PROVIDED MATERIAL:
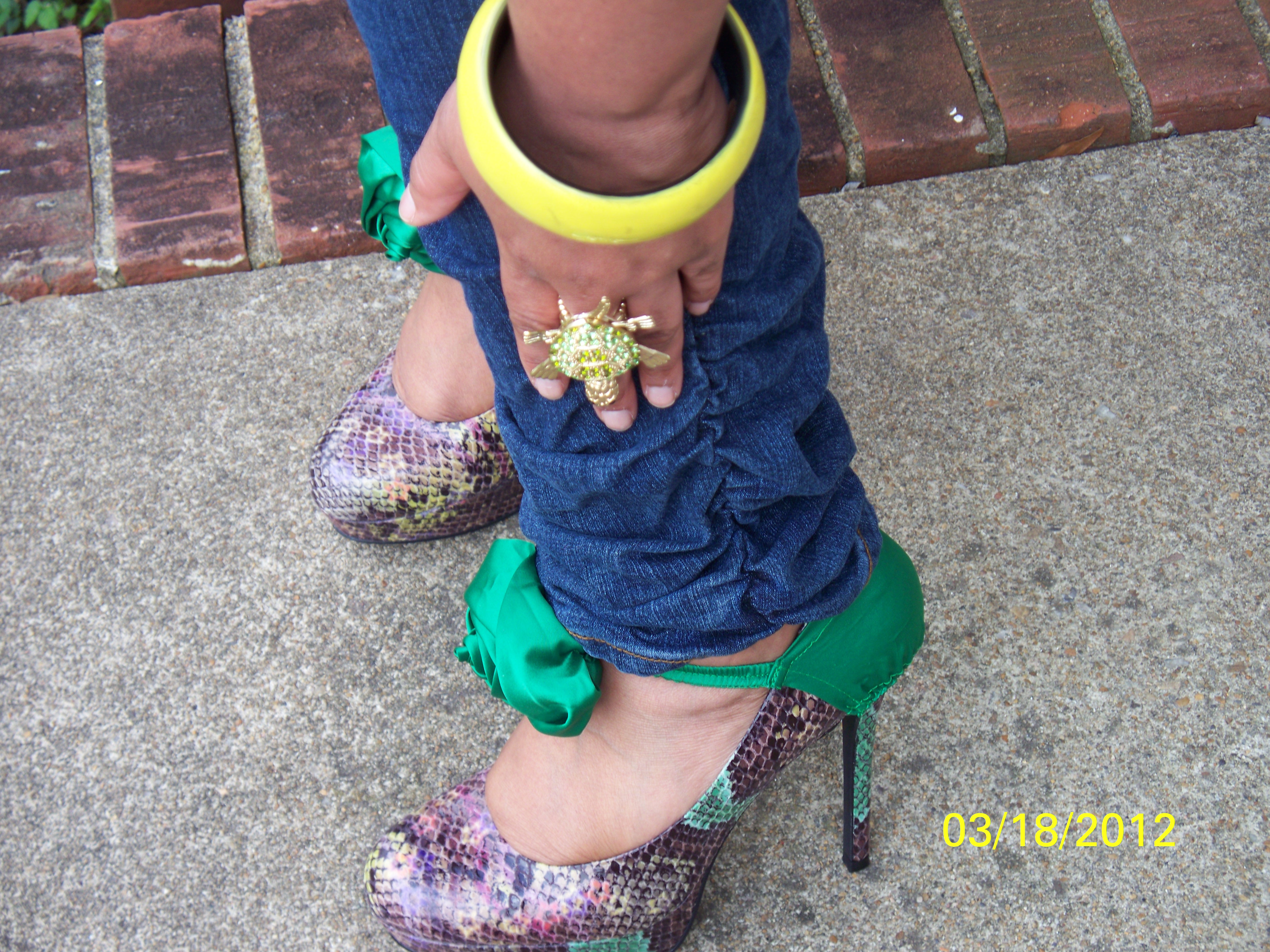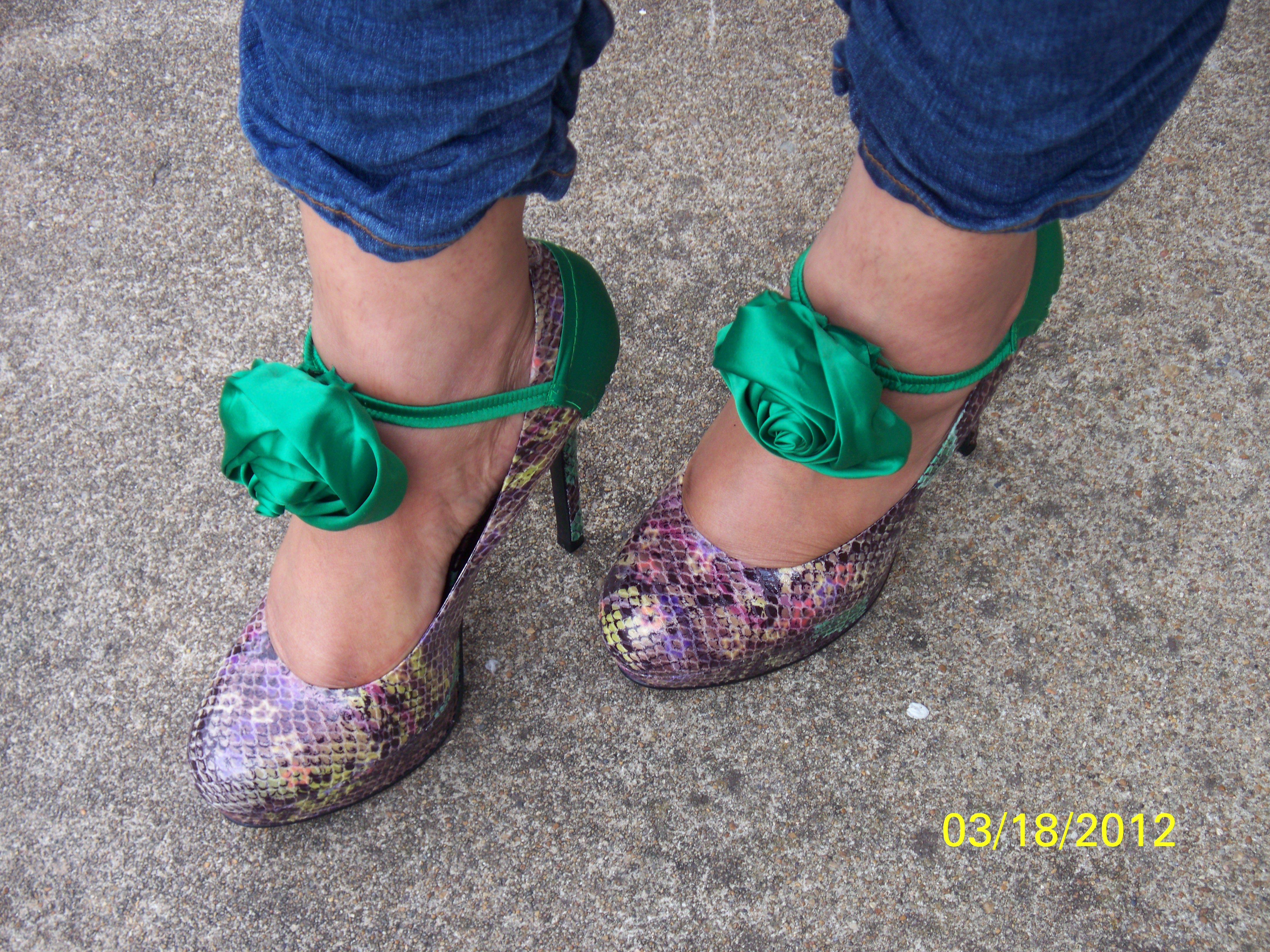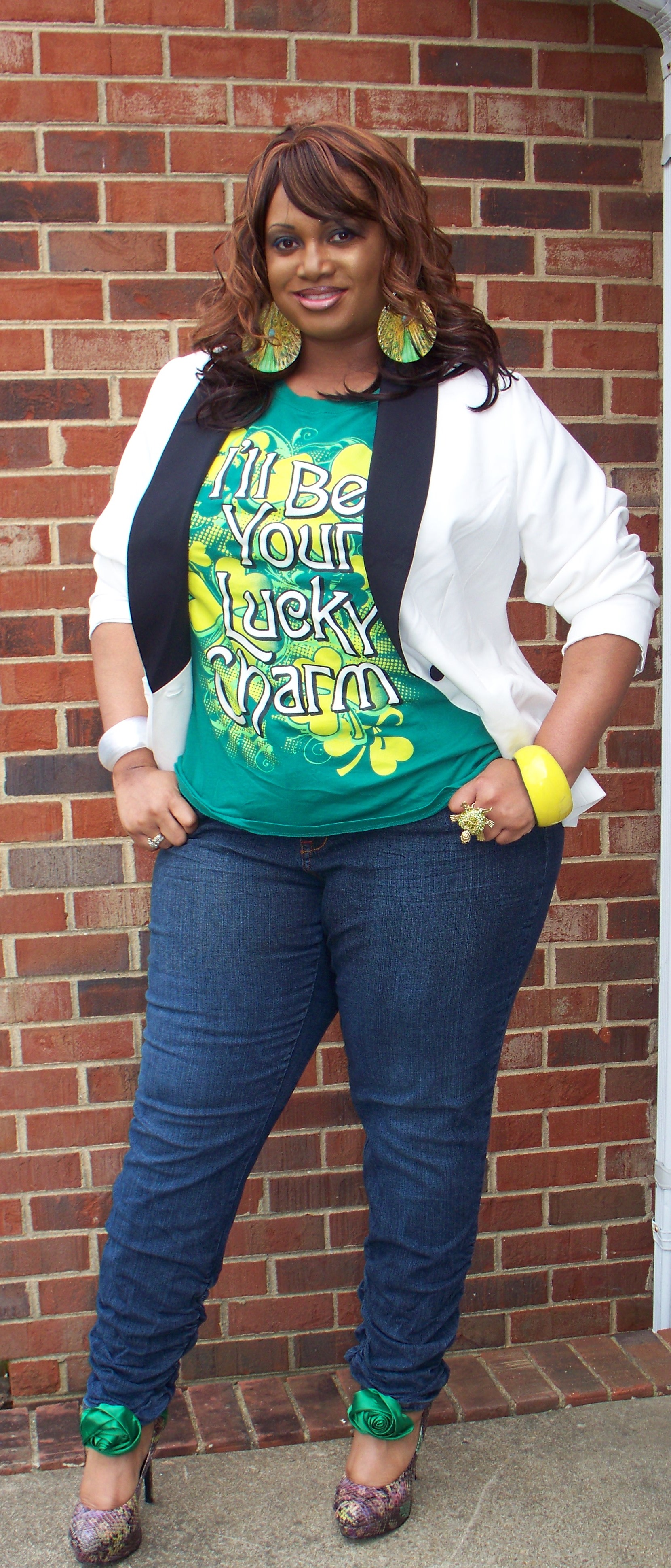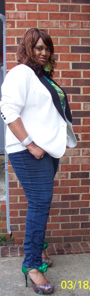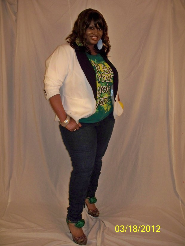 Today’s OOTD (Outfit of the Day) is a combination of St. Patrick’s Day, the trend of blazers and a neat little shoe accessory that I just love. I was lucky enough to be chosen as one of the panel judges for the Majesty’s Closet Model Call that was held today so I wanted to be fashionably ready. Earlier this week I blogged on the topic of blazers being a must have trend for the spring and today was the perfect weather for wearing one too. Mine is from Simply Be and is one of the most popular of the season. I have heard a lot of ladies calling this their fave. It’s called the “Bespoke Editors Pick Tuxedo Jacket“ and is very versatile. I dressed mine down with a St. Patrick’s Day baby-tee from DEB. Even though St. Patrick’s Day was officially yesterday, I was still in the mood, lol. I wore them with my ruched-skinny leg blue jeans by Rocawear and jewelry from Ashley Stewart. Now as for the shoes I was so excited to finally be able to wear my “Heel Condoms“ shoe accessory. They were sent to me to review a few months ago so today I paired them with my snakeprint pumps from Bakers Shoes. I got these pumps back in October during one of Bakers 1-day sales for only $39.99. Heel Condoms are shoe accessories that easily go over the heel of your pumps and can completely change the look of your original shoe. They come in different styles and colors and you can instantly transform the look of a plain pair of shoes and make them extraordinary within two minutes. In the end I guess I was a “Lucky Charm” for a lot of the models, my judging input helped send a majority of them on to the next level. Congrats ladies!!!
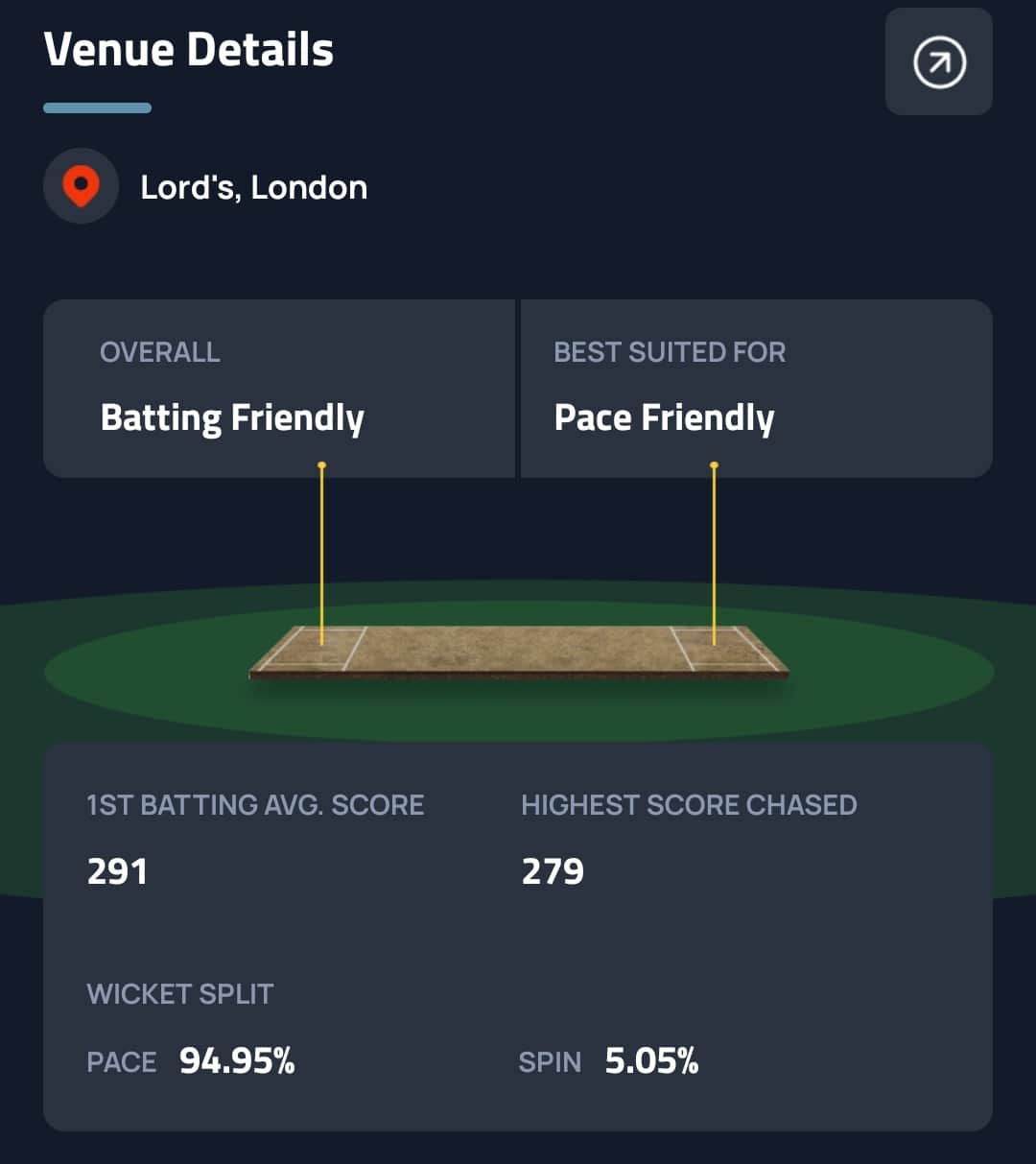 Lord's has hosted three Tests since 2021 and the batters here have scored runs at an average of 29.4, while a wicket has fallen every 59.7 deliveries. The fast bowlers have taken 94.9 percent of the total wickets to fall in these three Tests and they have done that at an average of 25.9 and a strike rate of 56. Meanwhile, the corresponding numbers for spinners are 79.8 and 165.8 respectively. Hence, it would be ideal to have at least four-five fast-bowling options in your team.
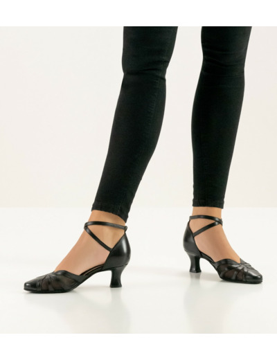 Linda - Chaussures De Danse Fermées En Cuir Noir Et Résille Ou Argent- Werner Kern
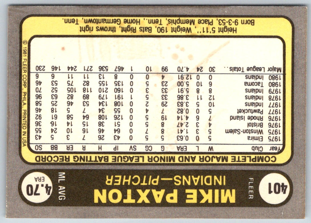 This 1981 Fleer Mike Paxton #401 Cleveland Indians card is the perfect addition to any fan's collection. Featuring an iconic image of the former Indians pitcher, this card is sure to bring back memories of the team's glory days. The card features a vibrant full-colour design with a glossy finish, bringing this card to life. The back of the card provides valuable stats and information, making it the perfect memorabilia item. Add this card to your collection today and relive the golden era of Cleveland Indians baseball.

TASK OBJECTIVE: What you return must match the lines above from the one with "Lord's has hosted" through the one with "Linda - Chaussures" exactly, with both ends included and the pictures excluded.

WORKED SOLUTION:
 Lord's has hosted three Tests since 2021 and the batters here have scored runs at an average of 29.4, while a wicket has fallen every 59.7 deliveries. The fast bowlers have taken 94.9 percent of the total wickets to fall in these three Tests and they have done that at an average of 25.9 and a strike rate of 56. Meanwhile, the corresponding numbers for spinners are 79.8 and 165.8 respectively. Hence, it would be ideal to have at least four-five fast-bowling options in your team.
 Linda - Chaussures De Danse Fermées En Cuir Noir Et Résille Ou Argent- Werner Kern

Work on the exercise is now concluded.